You’re here for a reason. No matter how small you feel now, or how insignificant others may made you feel in the past, you have a purpose. Take the time to write your personal mission statement. It will bring some light and direction into your life.
You may have some hard time finding it, that’s true, but rest assured everybody has. As long as you don’t give up and really try to find it, at some point, it will reveal. And how would you know it’s your personal mission statement and not some borrowed mumbo jumbo?
Well, just do it. Live by it. See how you feel. If there’s enthusiasm and passion in your life, your personal mission statement is the right one. Those are the only two ingredients to assess: enthusiasm and passion.
Your personal mission statement is the phrase which puts back passion into your life. And make you live it enthusiastically.
How To Find Your Personal Mission Statement
A few years ago, when I was more into personal development than I am now, I was very keen on my personal mission statement. I invested a lot of time and energy in this topic. I went through a few versions, tested them and did my best to get the best out of them.
It was a rather difficult process. When you say “personal mission statement” it sounds so definitive and so clear. Like you really know what you’re talking about. Well, not so much. The process is rather tedious. It’s also very time consuming.
You know, some things, like the content of your breakfast, can be decided in a very short time frame. You get up, brush your teeth, go to the fridge and then decide what you’re going to eat. Easy.
Try to do the same with your personal mission statement. Hint: it won’t work.
For some people, finding their personal mission statement becomes their personal mission statement, if you know what I mean. They quit unsatisfying jobs, break out from frozen relationships, only to get in touch with themselves, to find “their true core”. And they do this for so long, that it becomes a lifestyle. They’re on a journey to discover themselves for years.
Truth is we’re all longing for meaning in our lives. We all share this deep feeling of belonging, of something bigger, of a more profound sense of the world. We all want to live a meaningful life. And, somehow, finding and then living by a personal mission statement works like a scaffold for it.
The problem is we get so caught in this scaffold that we forget about the building nearby. We focus on the personal mission statement and forget about fulfilling the mission.
Like I said, I walked many paths to find my personal mission statement.
For a while, I thought that my mission is to inspire other people, through writing. I still think I can inspire other people, but I don’t feel this like a personal mission anymore.

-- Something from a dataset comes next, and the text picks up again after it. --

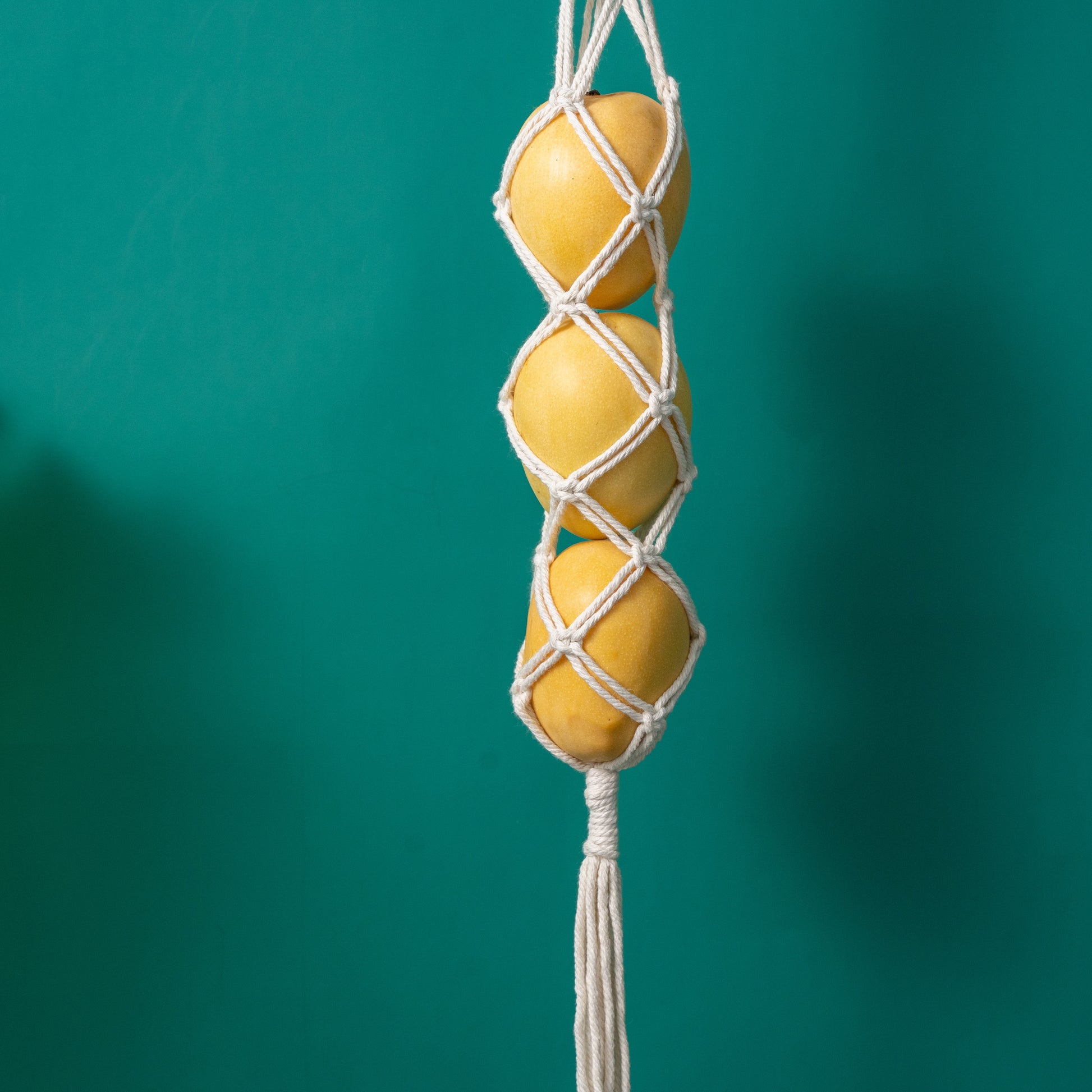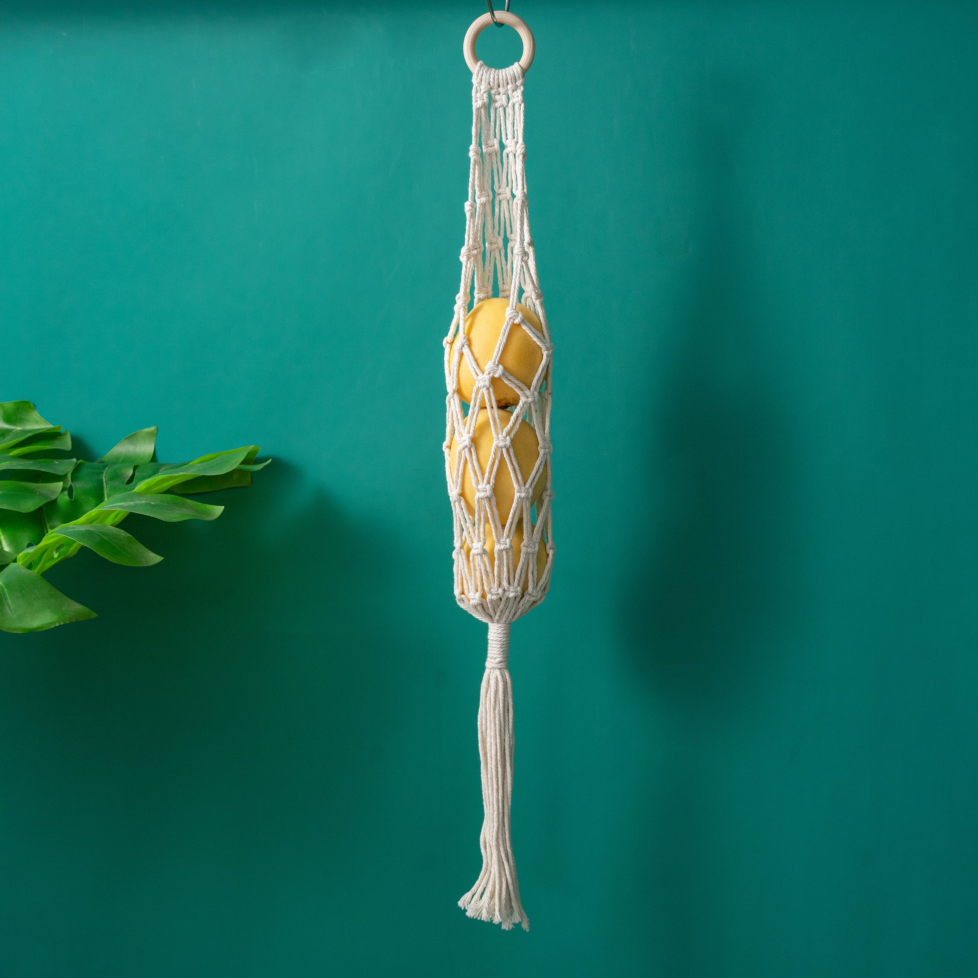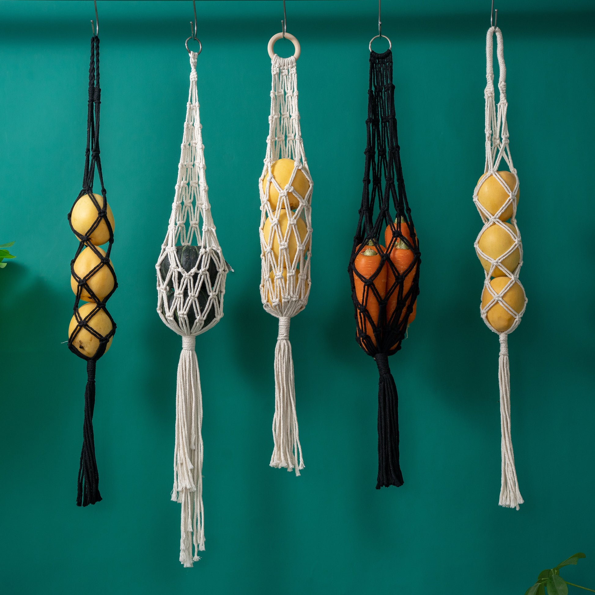 This macrame wall hanging is the perfect solution for organizing your fruits and vegetables. Made of high-quality cotton, it's great for storing onions, potatoes, and other produce. The wall hanging features three bags that can be used separately for additional storage options.

Then, for another while, I thought my mission is to wander around, as a digital nomad, to experiment and share a new lifestyle. It was good. Actually, it was great. For a while.
Then, I thought my mission is to help people connect. That’s pretty much where I am right now, I’m in the “connector” stage (hence all the occurrences of this word in my last couple of years projects: Open Connect, Connect Hub, etc).
If you carefully look at those 3 examples, you may find a very subtle resemblance. I will give you a few seconds, just look carefully. Found it? Nope? Ok.
The resemblance is that my personal mission, as different and fluid as it was in each of those 3 iterations, was never about myself, as it was about others. To inspire “others”. To experiment and “share” a new lifestyle. To connect “people”.
That’s where you should start, from that subtle common thing, if you’re looking for your personal mission. As I said, the process is not easy, nor fast. But as you gather experience, as you try and fail many times, as you learn, you understand that this whole “personal mission statement” has something very misleading in it.
It’s not about the “personal” as it is about “mission”. The “personal” part is overrated. It’s not personal as in “being about yourself”, it’s more like “this is your individual part from the bigger activity stream”.
Because that’s where people get stuck most of the time, at the personal level. They think (and I did that too, for years) that it has to do with themselves. I have to do this, I have to feel good about what I did, I have to, I, I, I.
You’ll never get it, if you remain at the “I” level.
Because it’s not about the “I” as we perceive it. It’s about the “I” as it fits into the bigger picture.
In much simpler words, your mission is what are you good at, for other people. It’s the service you can bring to others. It’s how you benefit others.
In the beginning, this realization may feel bad. Because we have our likes and dislikes and we may feel disappointed. “But I like so much doing this and it seems nobody needs it. I feel so good giving advice but nobody seems to care.” Well, that’s it. Keep it to yourself, if you really like it and then turn the page. See what else you have in the book that can benefit others.
At some point, you will find an intersection point. There will be at least one activity that you feel good doing and that will benefit others too.
That’s the starting point. That’s where you should stay for a while and keep doing it, until you sharpen the focus.